Month: March 2006


  • Rainey, Spring 2005



    Las tres amigas, Cancun, June 2006:  Kim, Toni, Rainey


    I did not get to blog yesterday because I was a mite busy.  19 years ago yesterday morning, my life changed completely when I saw the most beautiful girl I had ever seen in my life.  Lorena was beautiful, so beautiful that I had asked her to be my wife several years before, but this new girl was absolutely stunning in her beauty.  What was so wonderful about meeting this new girl, though, was that I got to hug and kiss Lorena as we admired the beauty of this new girl, and Lorena absolutely beamed as I hugged and kissed the new love of my life.  And, yes, it was definitely love at first sight...


    It was snowing the morning of 21 March, 1987,  when I took Lorena to the 97th General Hospital in Frankfurt am Main, Germany.  We had been to the 97th a few times already, so we were both tired, but Lorena assured me that this time was definitely the real one, so I called for a sub at school and traipsed back to the hospital with Lorena.  There she delivered an angel that we named Lorraine Michelle Thomas.


    It wasn't a real easy birth, and Lorena chafed the restrictions of the military hospital where she was treated as if she were [A] a service member (or, [B], worse, the wife of a service member.)  She was expected to get up, make her bed, eat in the mess hall, and take Rainey to the bathroom with her to shower, etc.  Lorena had lost quite a bit of blood so she was exhausted, and she quite quickly assured her caregivers that she was neither A nor B.  [See???  Si!!!!]  After her tirade (echoed then in my tirade), life became much easier for her.

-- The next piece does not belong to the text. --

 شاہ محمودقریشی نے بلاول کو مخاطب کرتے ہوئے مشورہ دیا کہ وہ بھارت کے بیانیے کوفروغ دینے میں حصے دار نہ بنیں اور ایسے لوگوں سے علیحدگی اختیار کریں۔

    Bud and Patty Olmsted were Rainey's first visitors, taking her a Teddy Bear and a Polaroid camera for her first modeling shoot.  Herb and Marion Wooten quickly followed, bearing another Teddy Bear and a ton of motherly advice.  Lupita Naupol (close friend and niece of Mexican ex-Presidente Miguel de la Madrid) was a regular at the hospital, as were several of Lorena's other friends and my colleagues. 


    It was definitely a learning experience combining new parenthood with cultural differences.  Lorena's first food or drink after the birth was Malzbier (malt beer -- a minimal alcohol beer celebrated for its nutritional value.  Yes, we were definitely in Germany.)  I had only known chamomile tea from Beatrice Potter books because Peter Rabbit's mother was a disciple of it, but soon I was an expert of it both as a beverage and as a Sitzbath liquid.  I soon had a Master's degree in Tea-ology which served me well since my kingdom had become a Tea-ocratic society.  It seemed I constantly brewed for my brood: manzanillo, peppermint, fennel, lemon grass, you name it.  Vigilantly checking to see that our cupboards remained well-stocked, I quickly became a Tea-totaler.

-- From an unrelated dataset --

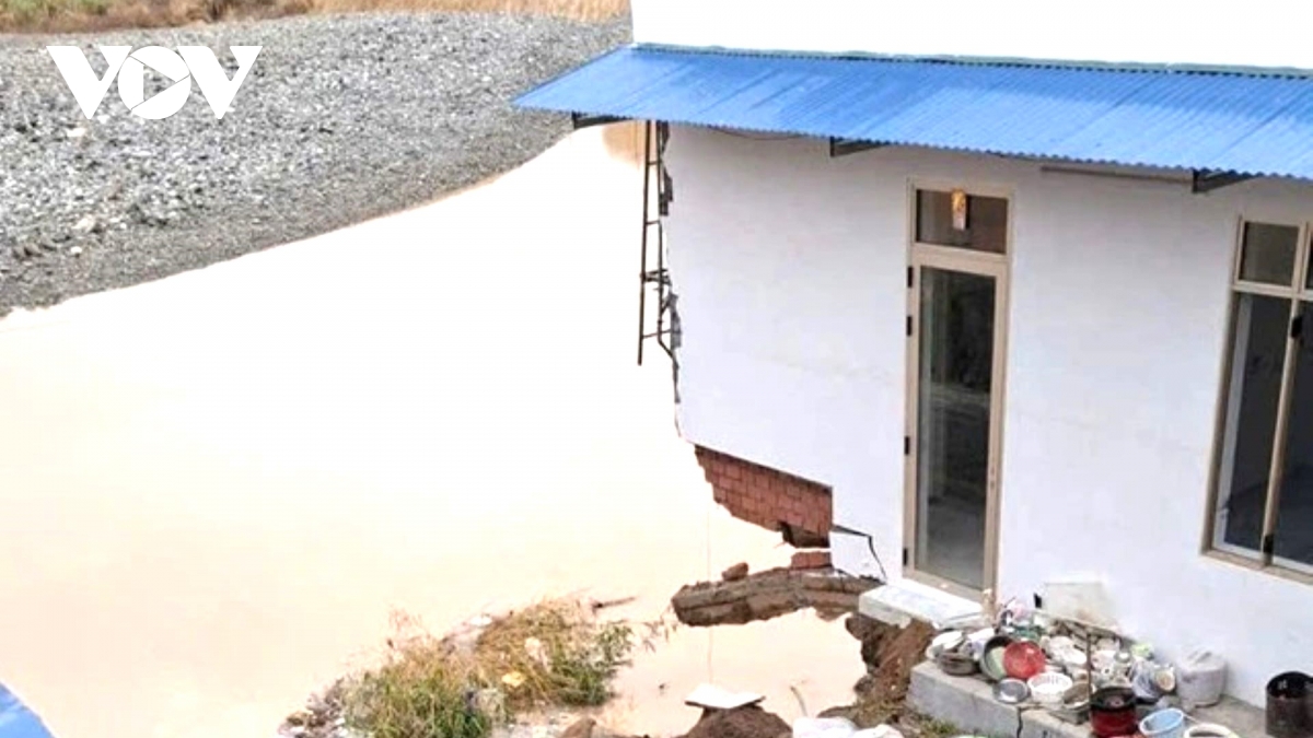 Tường móng một căn nhà ven sông bị dòng nước xoáy khoét rỗng, gây sập một phần nền và tường, đe dọa an toàn của người dân.

    Little lily-livered Lorraine was definitely yellow.  (Actually she was not handling her bilirubin well, suffering from  neonatal hyperbilirubinaemia, where the newborn's liver is not able to properly conjugate the bilirubin (see jaundice).  [Therefore, I am not exaggerating when I accuse her of looking early on at the world through a jaundiced eye...])  UV light breaks down bilirubin, though, so as a result, I had the indescribable pleasure of holding a naked little brat in my lap as we lolled in the sunlight streaming in through our double-paned windows that separated us from the frigid outdoors.  Those really were halcyon days.

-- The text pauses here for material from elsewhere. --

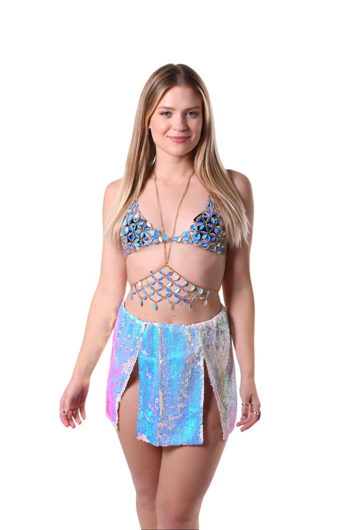 This aura iridescent blue chain top comes with two pieces and is made of handmade of sequins that shimmer under the light

    Technically, Rainey could not legally be registered as a German citizen, but one of the first things that Lorena did was go to the Rathaus in Frankfurt and register her birth on the official German roll "just in case."  When Rainey was just a few days old, we lugged her to the U. S. consulate in Frankfurt, where I held her slouched over for her first U.S. passport.



    Rainey's first passport photo...



    Rainey and Lorena in happier times...


    Just a couple of weeks later, she took her first international trip as we drove to and through the Netherlands with Socorro and Javier Almeria [Mexican Consul to Germany] and their daughters Christina and Margarita.


    I still get to tease Lorena quite a bit for those early days.  She was not a happy camper, and she had colic quite often so that I quickly became sleep deprived.  However, I still had to get up and go to school each morning.  Finally, I grew so desperate for sleep that I slept out on our 9th floor balcony in my sleeping bag -- in the snow...


    Last night we had a wonderful little get-together for Rainey's birthday.  We ended up calling Lorena separately, but Rainey said that Lorena was very quiet during their conversation other than crying quite a bit.  When the rest of us had a chanced to talk to her, she was very subdued, again crying quite often because she cannot talk to Rainey and I know she desperately wants to do so.  There was some laughter from Lorena, but her dearth of laughter yesterday was more than compensated by the antics of my three clowns at Rainey's party.


    Lorena, we need you back.  We need you to keep us sane and halfway civilized.  We need to be able to hold you and to thank you for making this family what it is.  We need to be a real family again.  We need to laugh with you at all your little comediennes.  We need you to help us sing "Happy Birthday" and "Las Mañanitas" to Rainey.  We need you to see how beautiful and wonderful your daughters are.  We need to grow up -- and old -- with you.  We need you.  And we love you...


  • US Navy: Dedicated to Jon Thomas and my other kin and ex-students who have served...

    Jon (and Katy), and my other U.S. Navy folks:  Thank you for your service!!!!  I am proud of you!!!!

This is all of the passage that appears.